#### [Your assignment]
Every line below is to be copied exactly, with the pictures left out.

#### [Data for review]
_ _ _ _ _ _ _
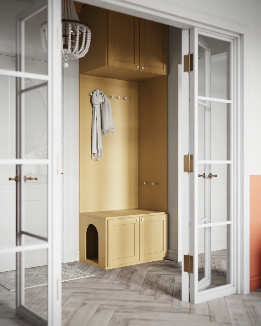 *Интересный момент: спрятанный в мебель лоток в прихожей.
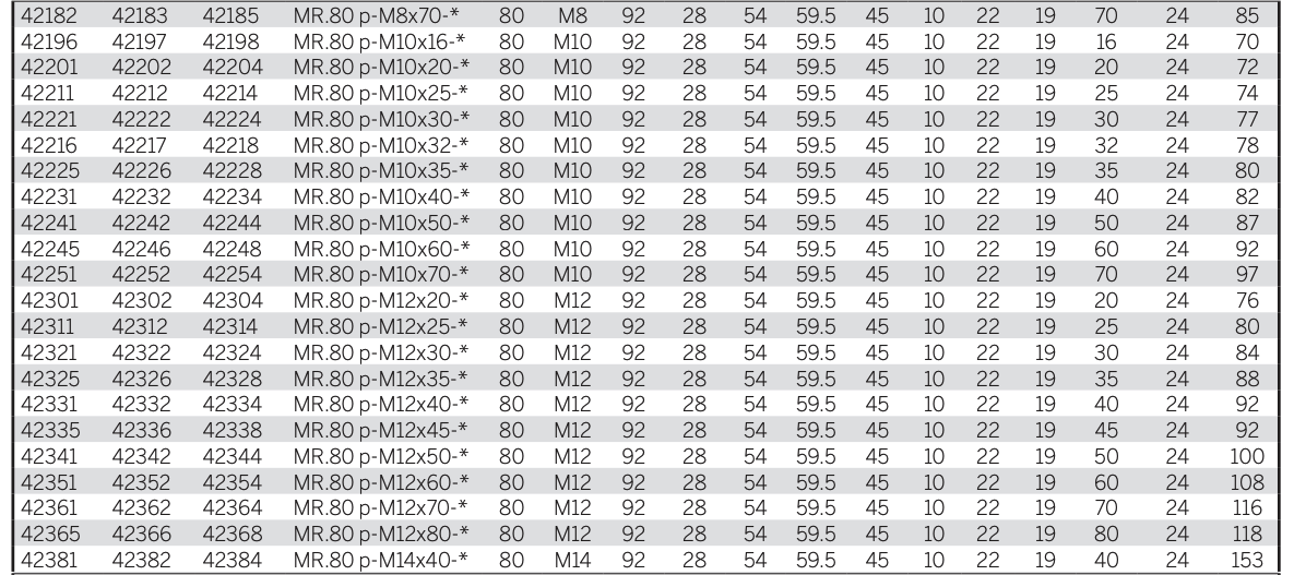 MR-p: резьбовой стержень из воронёной стали с фаской на торце, стандарт UNI 947: ISO 4753 (см. Технические данные). Фиксирующий винт из воронёной стали, возвратная пружина из нержавеющей стали AISI 302.
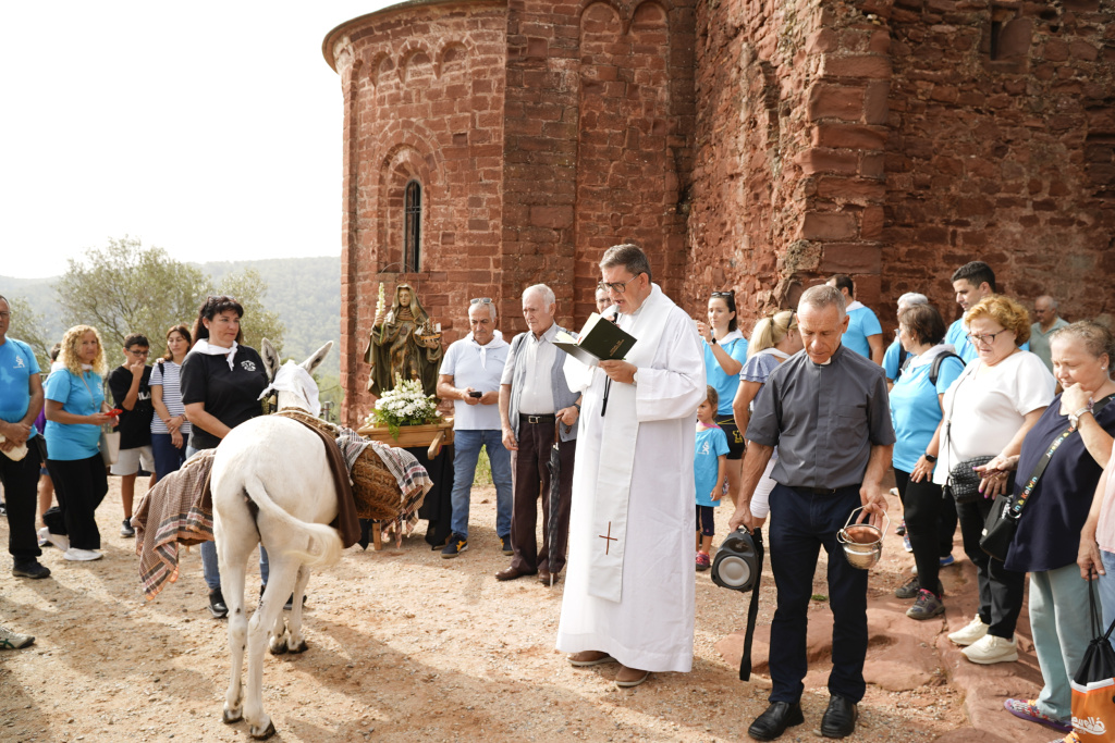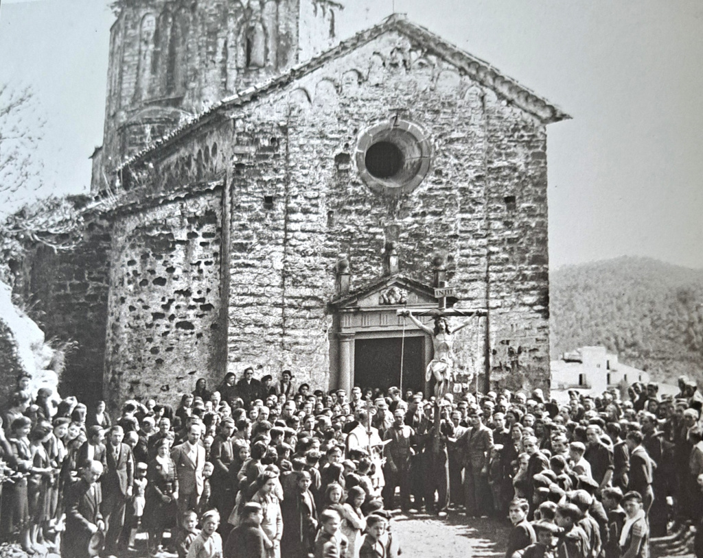 "(..) en temps de Mn. Queralt, rector de la parròquia, l'església de Santa Maria estava molt malmesa pel pas del temps i per actes vandàlics. Aquesta era la raó per la qual es considerava perillós fer-hi celebracions a l'interior. Quan arribava el dia de l'aplec la missa es feia a la porta perquè a dins hi havia perill d'enderrocament. A la plaça s'hi posava un tendal. Algunes vegades la missa d'aquest dia s'havia celebrat a l'era de can Sala de Baix, a causa de la poca seguretat de l'església de Santa Maria". (Roig, 2010: 240-241)
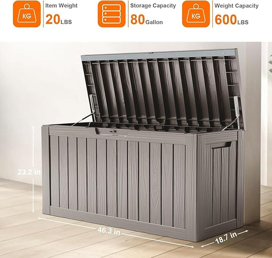 80 Gallon Resin Deck Box, Lockable Outdoor Storage Box for Patio Cushions Storage Furniture,Garden Tools, Pool Supplies, Weatherproof and UV Resistant- Grey (80 Gallon)
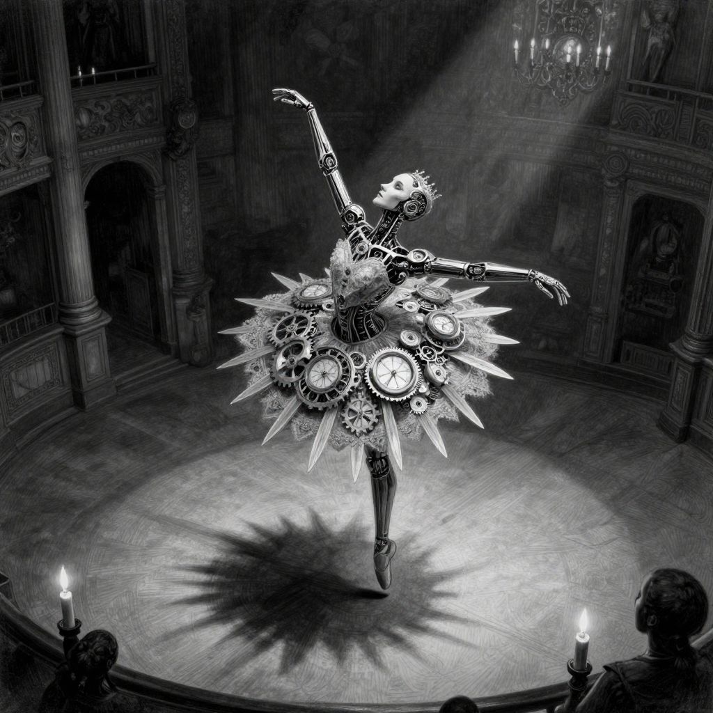 Monochrome digital drawing of a steampunk ballerina, adorned with gears and clockwork elements, performing in an ornate, dimly lit
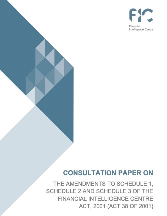 The FIC supported its rationale for the proposal with its Consultation Paper Relating to the Proposed Amendments of the Schedules to the FIC Act, 2001 (Act 38 of 2001).
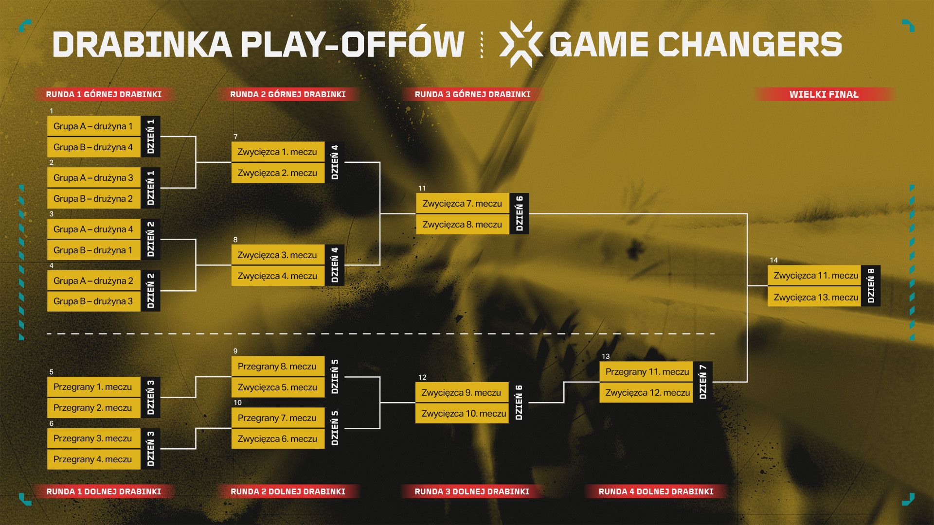 Finał górnej drabinki to mecz do dwóch wygranych, a finał dolnej drabinki to mecz do trzech wygranych. Wielki finał również będzie do trzech zwycięstw.
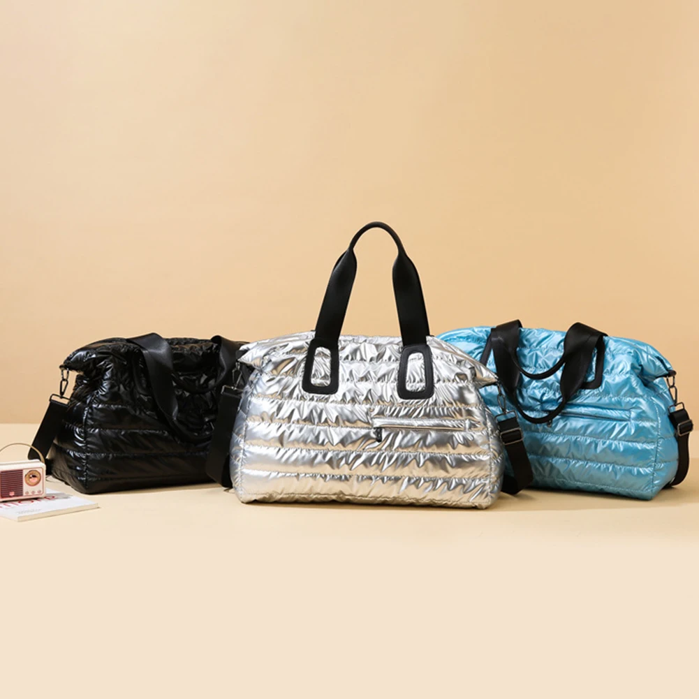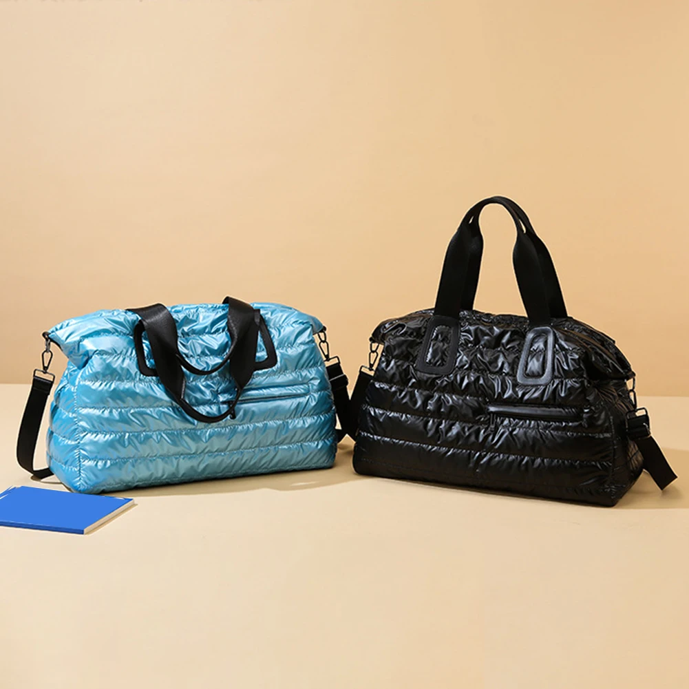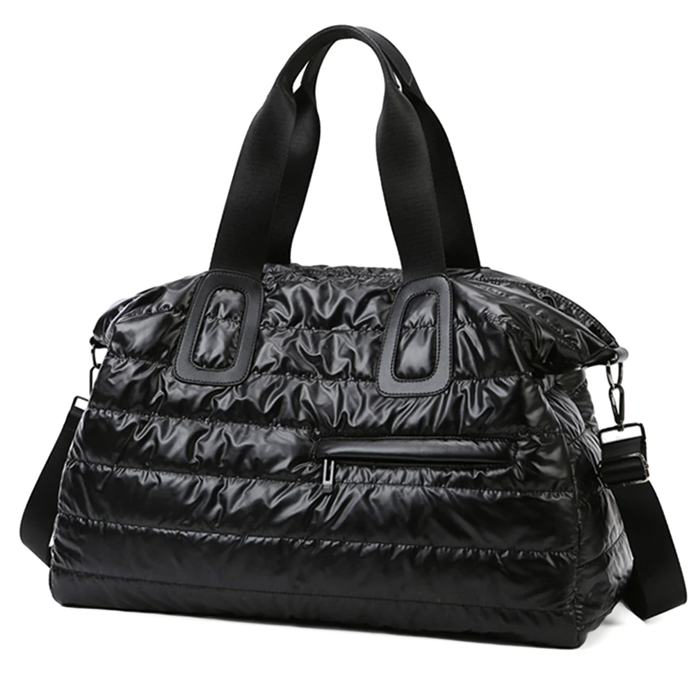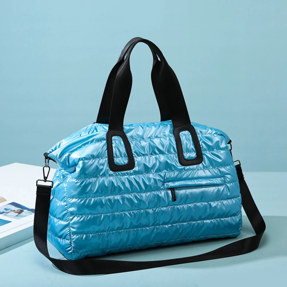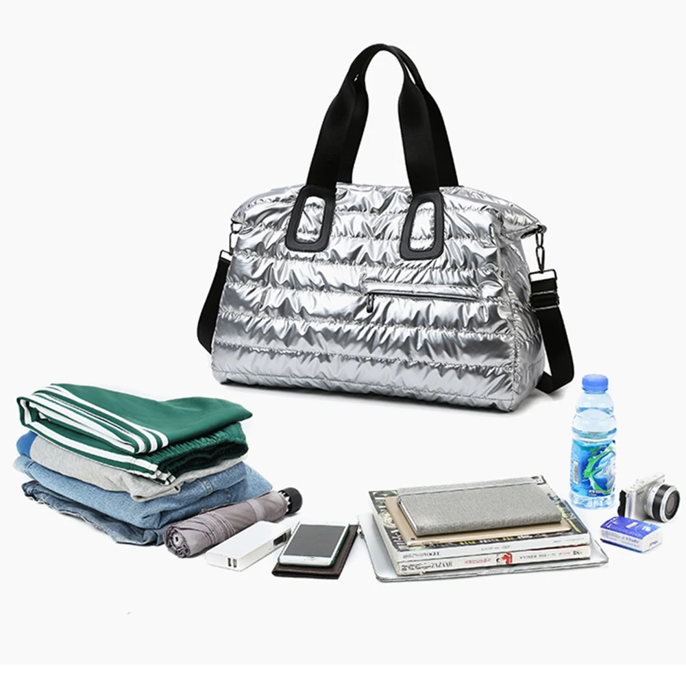 1.Convenient and Versatile: Our quilted gym bag is the perfect companion for your workout sessions or short trips. With its spacious design and multiple compartments, it offers ample storage space for all your essentials. Whether you need to pack your gym clothes, yoga mat, or swimwear, this bag ensures that you can easily organize and carry your belongings wherever you go.
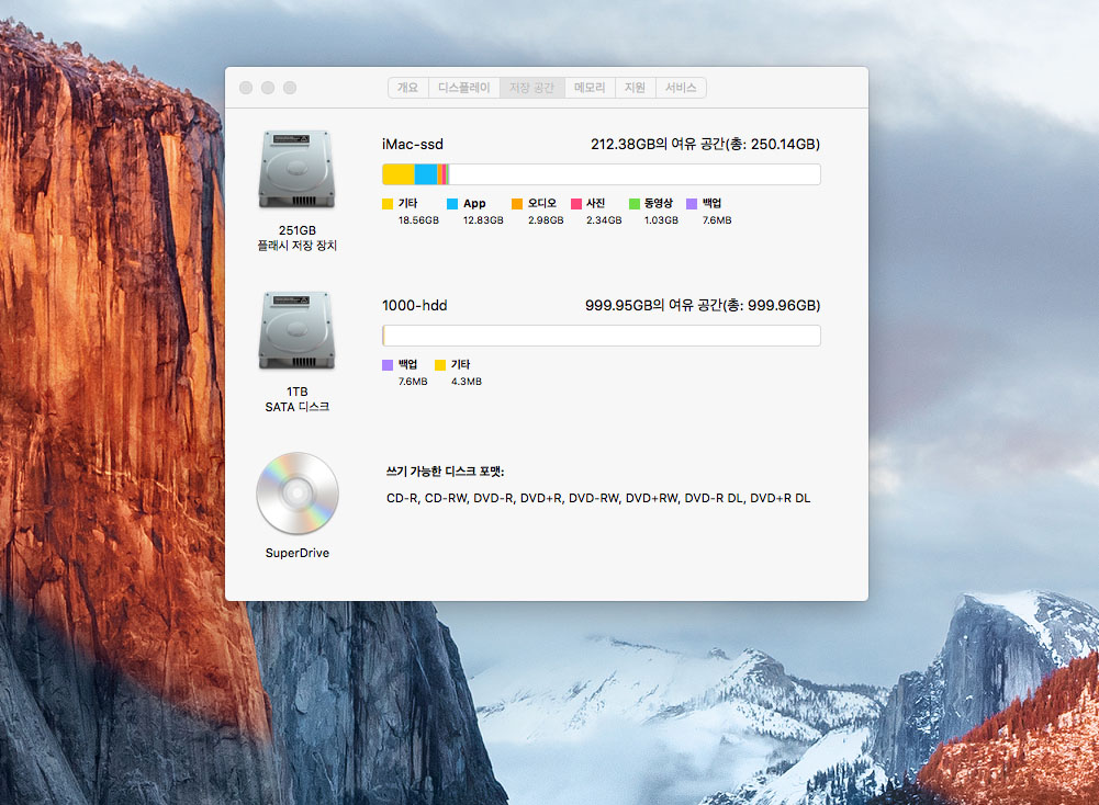 저장공간: 애플정품 SSD256 + 1TB HDD
_ _ _ _ _ _ _
#### [Response for this exercise]
 *Интересный момент: спрятанный в мебель лоток в прихожей.
 MR-p: резьбовой стержень из воронёной стали с фаской на торце, стандарт UNI 947: ISO 4753 (см. Технические данные). Фиксирующий винт из воронёной стали, возвратная пружина из нержавеющей стали AISI 302.
 "(..) en temps de Mn. Queralt, rector de la parròquia, l'església de Santa Maria estava molt malmesa pel pas del temps i per actes vandàlics. Aquesta era la raó per la qual es considerava perillós fer-hi celebracions a l'interior. Quan arribava el dia de l'aplec la missa es feia a la porta perquè a dins hi havia perill d'enderrocament. A la plaça s'hi posava un tendal. Algunes vegades la missa d'aquest dia s'havia celebrat a l'era de can Sala de Baix, a causa de la poca seguretat de l'església de Santa Maria". (Roig, 2010: 240-241)
 80 Gallon Resin Deck Box, Lockable Outdoor Storage Box for Patio Cushions Storage Furniture,Garden Tools, Pool Supplies, Weatherproof and UV Resistant- Grey (80 Gallon)
 Monochrome digital drawing of a steampunk ballerina, adorned with gears and clockwork elements, performing in an ornate, dimly lit
 The FIC supported its rationale for the proposal with its Consultation Paper Relating to the Proposed Amendments of the Schedules to the FIC Act, 2001 (Act 38 of 2001).
 Finał górnej drabinki to mecz do dwóch wygranych, a finał dolnej drabinki to mecz do trzech wygranych. Wielki finał również będzie do trzech zwycięstw.
 1.Convenient and Versatile: Our quilted gym bag is the perfect companion for your workout sessions or short trips. With its spacious design and multiple compartments, it offers ample storage space for all your essentials. Whether you need to pack your gym clothes, yoga mat, or swimwear, this bag ensures that you can easily organize and carry your belongings wherever you go.
 저장공간: 애플정품 SSD256 + 1TB HDD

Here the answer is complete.